Mekdela Maskal
We took a moment with local artist and all around creative Mekdela Maskal. Here she is pictured beneath her collaboration with Bear Yuba Land Trust for last year’s Celebration of Trails, combining the love for the outdoors with site specific art installations. This piece, called “Prayer Flags” was dyed with locally sourced natural materials and installed along Cascade Trail.
We asked Maskal what her preferred medium is and the answer is one we feel resonates with most artists. “Relationship. I think relationships have always been a site of creation for me. I’m not unique in that, I think it is for everyone. We’re not isolated, individual creatures. I think that’s one of the major modern mirages. Decentering humanity through relationships is an important aspect of my practice. And I think I’ve been able to reach for that more since living here. How can I know and be known by the moss? The ochre? The clay? As someone who cares for them, who creates with them?”
We wanted to know more about Mekdela Maskal’s creative process. As someone that works in relationship with her materials and the environment, what are a few of the ways she remains inspired.
“It’s about investigating aliveness, creating belonging and studying love and pleasure. That’s how relationships have come into focus. I am because you are.

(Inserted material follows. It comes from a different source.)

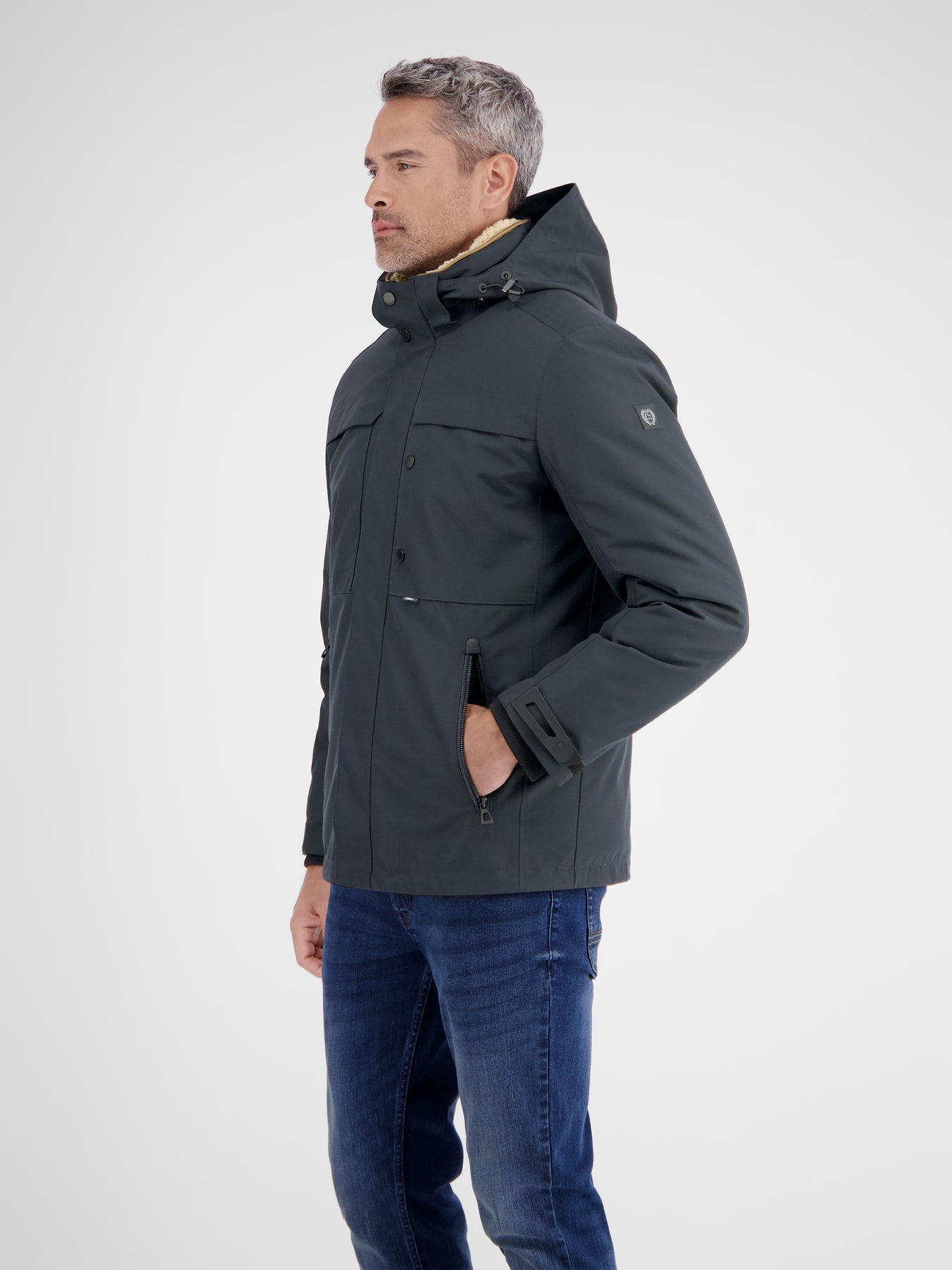 Die hochwertige Herrenjacke liefert nicht nur Stil, sondern bietet auch praktische Funktionen, die bei jedem Wetter unterstützen. Die Atmungskaktivität sorgt für ein angenehmes Tragegefühl, ohne ins Schwitzen zu geraten. Die wind- und wasserabweisenden Eigenschaften halten trocken und geschützt. Das wärmende Taschenfutter sorgt ebenso für den allgemeinen Tragekomfort, wie die großen Tascheneingriffe und die abnehmbare Kapuze dieser hochwertig verarbeiteten LERROS Jacke. Die wärmende Innenjacke ist herausnehmbar und so kann diese Jacke das ganze Jahr getragen werden.

A teacher of mine, Tilke Elkins, called herself a process artist when we were in class, and that resonates with me too. The art IS the walk, the laughter, the ceremony, the dying and the dyeing. It’s when my hands are in the clay soil and when I ask the tree if I can have their bark. It’s in the WE–the relationship–that I am inspired to create. So I am often very nervous about how that comes through when folks view an art piece as a final result–a sculpture, a painting, or a performance–and that’s a major surrender for me.”
We always ask our artists what they’re most proud of. Maskal’s response reminds us of the parts of ourselves and our human nature we may all struggle with at times.

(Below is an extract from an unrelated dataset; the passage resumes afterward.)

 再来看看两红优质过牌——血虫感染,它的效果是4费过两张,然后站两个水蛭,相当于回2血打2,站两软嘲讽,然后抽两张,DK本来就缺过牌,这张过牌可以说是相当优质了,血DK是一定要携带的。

“Choosing to be alive and ever changing. That is also the part of art making that brings me pride. Not so much the thing that gets produced, but the act of entering a process or relationship to be changed.”
In exploring her experience of our creative community, Maskal had some poignant feedback to share. “I’m grateful for the people who’ve received my tenderness, my grief and my challenging questions as loving inquiry. I want to specifically name Ember Amador, Mira Clark and Shelly Covert for their generous welcoming.
I hope readers don’t mind me sharing some criticism as care too. I’ve had a hard time with the spiritual bypassing experienced here. There’s a turning away from darkness, shame and grief that I think is holding folks back from making generative sanctuary with this beautiful place. The shadows are important too. Art is how we grapple with life, not just with light. I’m yearning for more grappling in the human community here.”
We asked Maskal what’s coming up for her and the response reflects her dedication to relationship and reciprocity within the community. “Winter is a restful and contemplative time for me. I'm researching and praying on some paintings, but I feel most called to share the Nisenan Homeland Return project. It’s a beautiful invitation to join in the repair work we are all accountable to as folks who call these lands home.”